Estou ciente do risco de, ao analisar e relatar a mobilização de cada um dos 17 alunos entrevistados, cair em um "psicologismo" contraditório com o foco teórico da pesquisa. Ademais, haveria o risco de uma falsa generalização sobre as opiniões de uma turma de 31 alunos.

Entretanto, um elemento parece ter sido essencial para aqueles alunos que não desejavam praticar as aulas de lutas: a presença do outro como mediador entre o conhecimento e o sujeito. Inicialmente, o que me levou a desconfiar disso foi a boa participação dos alunos que não praticaram lutas em seu histórico. E isso se deve à mediação da professora na aula 2, que trouxe atividades lúdicas relacionadas às lutas, criou um tatame com colchonetes e explicou pacientemente, condutas estas que aproximaram os alunos sem vivência ao universo das lutas. Outra ponte entre

conhecimento e sujeito foi a intermediação dos amigos, já que alguns alunos relembraram estarem receosos com as aulas:

“No princípio, minha amiga [Atena] falou: - vamos Elektra porque eu quero te

derrubar”. (Elektra)

“Os moleques queme chamaram para ir e eu fui”. (Morfeu)

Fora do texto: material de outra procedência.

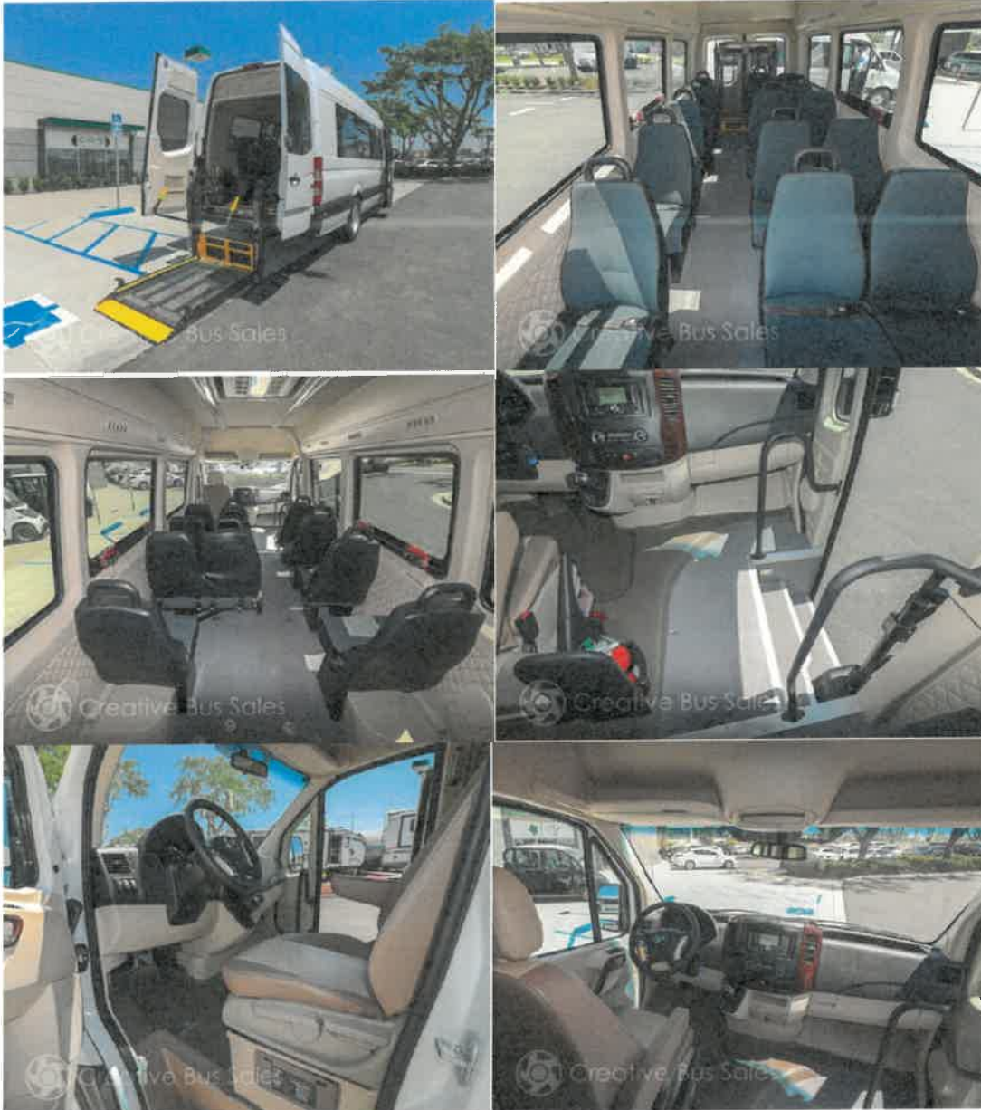
*Photos of similar model with optional equipment.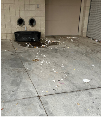
Before: debris in 3rd St. alley

Our Ambassadors take great pride in the impact they have in downtown. Below are before and after photos with visual examples of their impact.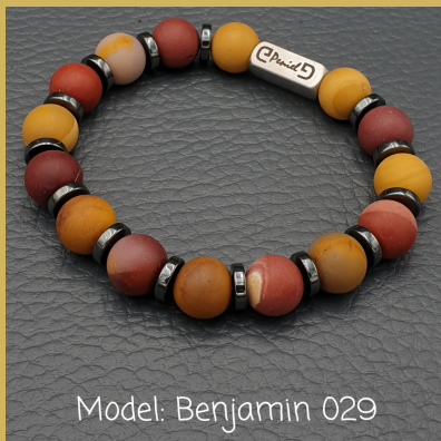
Model: Benjamin 029

"We design ..... You Combine ..... Your Wear ..... The Peniel Impresses ..... We Support"

“Os outros tavam tudo falando que iam praticar, daí eu não queria ficar sozinho”. (Anderson).

Aqui relembro Charlot (2000) que compreende o homem como ser incompleto que constantemente se apropria de coisas pré-existentes do mundo com ajuda de outros seres humanos. Essa busca constante de construção de si mesmo desenvolve- se no tempo e necessita de mediadores (livros, pessoas, adultos, amigos, professores, etc.) responsáveis por aproximar mundo e sujeito.

No contexto da pesquisa, a professora e os colegas aproximaram o mundo das lutas para os sujeitos que não as desejavam. Sendo inicialmente insuficientes os esforços da professora, os alunos que ainda sentiam vergonha ou medo de se machucar só se mobilizaram após serem persuadidos por colegas. Dessa forma, a relação epistêmica com os saberes das lutas foi dependente da mediação de afinidade entre persuador-persuadido e, portanto, de relação identitária e social.